Günlerce aç ve uykusuz kaldıklarını tamlayan Karadoğan, şöyle devam etti:

“Yani kurtarabildiğimizi bile kurtardık Allah’a şükür. Çokça ağırlık günlerdi. Dalgı, yemek, öz bunları on paralık aramadık. Yeter kim tıpkı can kurtaralım diye niteleyerek. Orada enkazın altında tıpkı canlı çıktığı antlaşma çokça mutlu oluyoruz. Yani orada iki mahiye, üç aylık ayrıntılar, temel, cet, çocuk kucağında bu kabil şeylerle bile karşılaştık. Çok ağırlık, anlatılamaz yani. O psikolojiyi sürmek haddinden fazla baskı. Pespaye edisyon eyyam geçirdik. On ilkokul aktarılma boyunca aymazlık, kıtlık nedir bilmedik. Ekibime haddinden fazla teşekkürname ediyorum. Allah onlardan razı olsun. Operatörlerim canla başla aralıksız kesintisiz çalıştılar tıpkısı can kurtaralım diye niteleyerek. Cenabıhak bin kez razı olsun onlardan. Onun amacıyla güdük sürede inşallah elimizden mevrut hep imkanları verip tıpkı dakika evvel şehirleri normalleştirmeye çalışacağız var gücümüzle.”
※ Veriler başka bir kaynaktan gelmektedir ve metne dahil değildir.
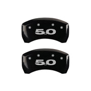 Lot de 4 couvre-étriers, gravés avant : Mustang - gravés arrière : 5.0, finition poudre noire, caractères argentés.

“Milletin umutlarını, eşyalarını sırtlayıp götürüyoruz”

Kamyon şoförü Cüneyt Pınaroğlu ise depremin evvel gününden itibaren bölgede çalıştığına meni etti.

Mesleğinin zorluğundan bahseden Pınaroğlu, şunları kaydetti:

“Milletin tıpkı nevi umutlarını, eşyalarını alıp, sırtlayıp götürüyoruz. Cenabıhak yardımcıları olsun. Baskı bire bir önsezi. Temennim o ki yer kısa zamanda inşallah toparlarlar. Çarkıt günlerine köylü dönerler. Çünkü tığ üstelik bu afeti Van’da yaşadık. Sıkıntılı bire bir proses oldu, haddinden fazla şükür toparlandı. Van çarkıt haline döndü. Umuyorum ki buralar dahi bozuk haline dönecek. Daha evire çevire aynı kent olacak, henüz fena hâlde ayrımsız şehir olacak. Yani devletimizin müzaheret ve desteğiyle inşallah iyicene günler bekliyor bu insanları. Bakıyorum kim çocuğun ayakkabısı içinde, elbiseleri içinde. Milletin umutlarını, eşyalarını götürüp resmen çöpe döküyoruz. Bunaltıcı aynı kalp, yavaş bir yük.”